Configure an immediate streamed looper response

Looper algorithms are the main immediate-response path added by the full-duplex streaming work. A decision with a looper algorithm and multiple modelRefs can return an immediate ExtProc response instead of forwarding the original request to one backend.

Example decision fragment:

routing:
decisions:
- name: streamed_confidence_route
priority: 100
conditions:
all:
- signal: domain
operator: equals
value: code
modelRefs:
- modelName: small-code-model
weight: 1
- modelName: large-code-model
weight: 1
algorithm:
type: confidence
confidence:
confidence_method: hybrid
threshold: 0.72
escalation_order: small_to_large
on_error: skip

When the client sends "stream": true, Semantic Router calls the candidate model(s), aggregates the looper result, and returns an immediate SSE body to the gateway. The client still receives a normal OpenAI-compatible stream:

curl -N -i http://localhost:8080/v1/chat/completions \
-H 'Content-Type: application/json' \
-d '{
"model": "auto",
"stream": true,
"messages": [
{"role": "user", "content": "Write and explain a Python debounce decorator."}
],
"max_tokens": 128
}'

Look for:

  • HTTP/1.1 200 OK;
  • content-type: text/event-stream;
  • x-vsr-looper-algorithm: confidence, ratings, or remom;
  • SSE events beginning with data: {"id":"chatcmpl-...","object":"chat.completion.chunk"...};
  • final data: [DONE].

Configure a streamed-body safety block

fast_response can also short-circuit requests that arrive as streamed body chunks. This is useful for safety decisions such as PII or jailbreak blocking.

routing:
decisions:
- name: streamed_jailbreak_block
priority: 1000
conditions:
all:
- signal: jailbreak
operator: greater_than
value: 0.6
plugins:
- type: fast_response
configuration:
message: This request was blocked by policy.

With request_body_mode: STREAMED or requestBodyMode: FullDuplexStreamed, Semantic Router accumulates the body, runs the safety signal at end-of-stream, and returns the configured immediate response without forwarding the request to the backend.

Verification checklist

  1. Confirm the gateway policy/filter is accepted:

    kubectl describe envoypatchpolicy ai-gateway-prepost-extproc-patch-policy -n default
    # or
    kubectl describe agentgatewaypolicy semantic-router-extproc -n agentgateway-system
  2. Confirm Semantic Router has streamed body handling enabled:

    kubectl logs deploy/semantic-router -n vllm-semantic-router-system | grep -i streamed
  3. Send a large or chunked request with "model": "auto" and verify it routes normally.

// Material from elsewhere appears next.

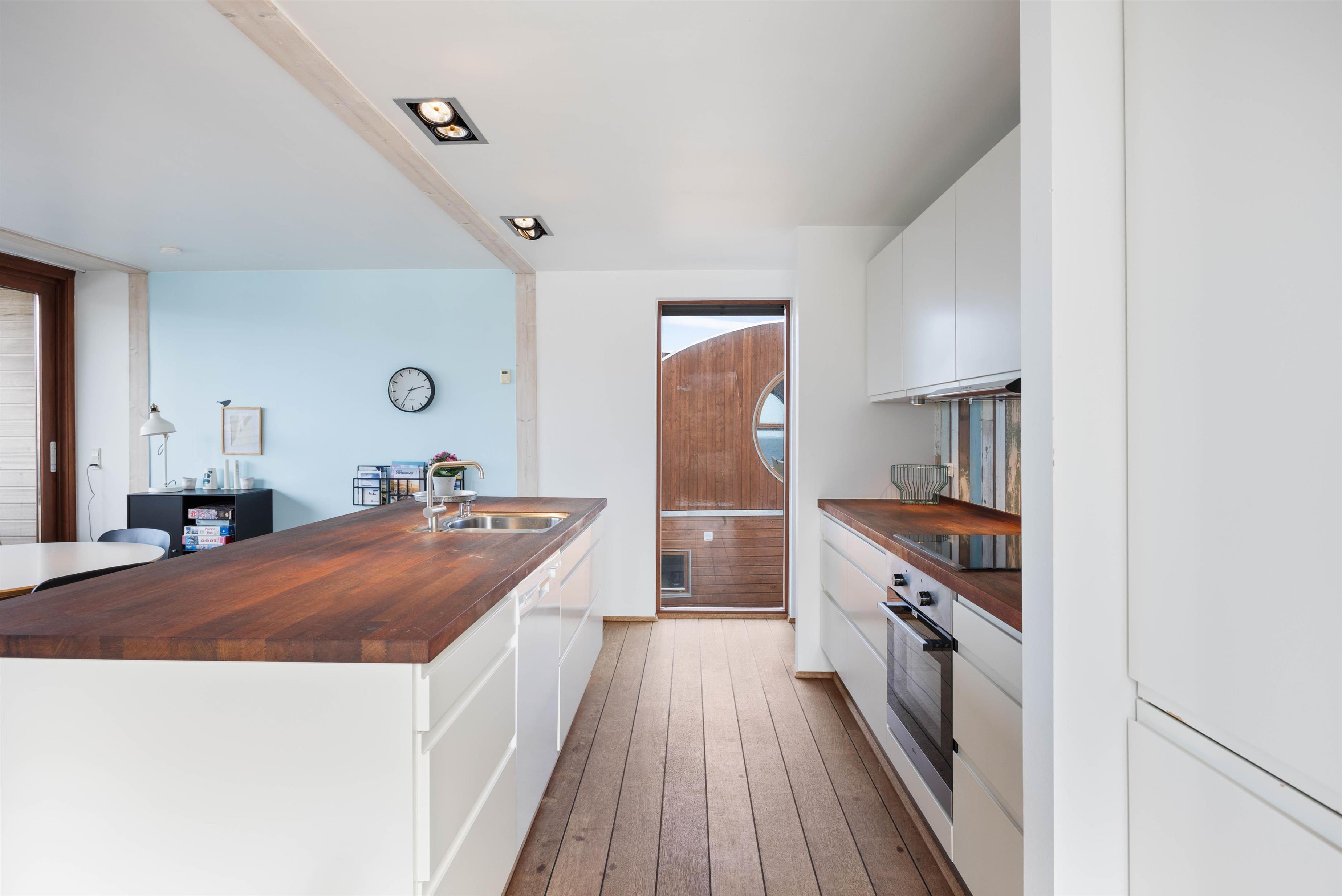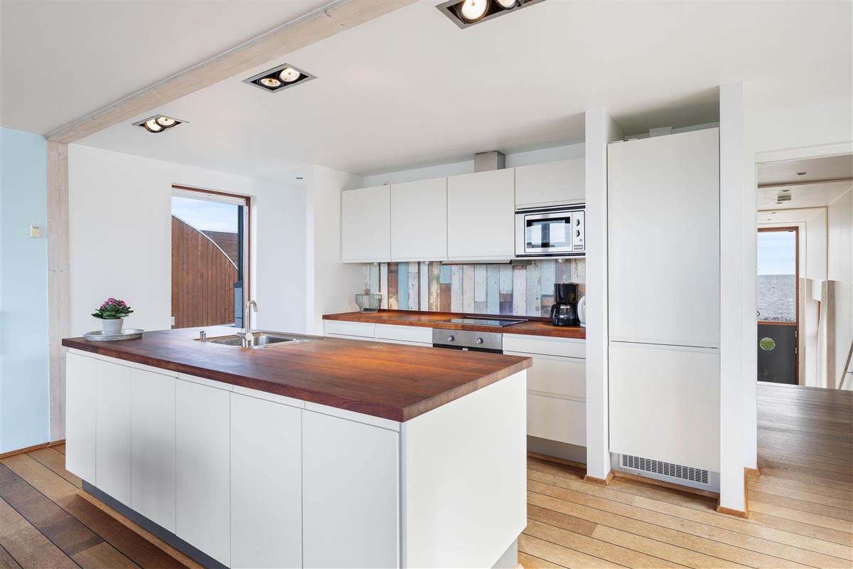There's also a beautiful kitchen where you can prepare delicious meals when you're not barbecuing or visiting one of the excellent restaurants in Hvide Sande. The houseboat features an energy-efficient heat pump system for heating.

  4. Send a streamed Chat Completions request with "stream": true that matches a looper decision and verify SSE output plus x-vsr-looper-* headers.

  5. Send a request that matches a fast_response decision and verify the backend model is not called.

Troubleshooting

  • Gateway accepts requests but Semantic Router never sees body chunks: the ExtProc filter still uses buffered or skipped request body mode. Set Envoy requestBodyMode: STREAMED or agentgateway requestBodyMode: FullDuplexStreamed.
  • Request fails with 413: the accumulated body exceeds global.router.streamed_body.max_bytes. Increase max_bytes or reduce request size.
  • Request fails with 408: body chunks did not finish before timeout_sec. Increase timeout_sec or investigate client upload speed.
  • Client expected SSE but got JSON: the OpenAI request did not include "stream": true, or the matched path is a non-streaming immediate response. Add "stream": true for Chat Completions looper routes and verify the matched decision.
  • agentgateway rejects Streamed: agentgateway supports FullDuplexStreamed, not Streamed. Use requestBodyMode: FullDuplexStreamed.
  • Duplicate or partial upstream request body: gateway and Semantic Router streamed modes are mismatched. Enable both the gateway streamed request-body mode and Semantic Router streamed_body.enabled.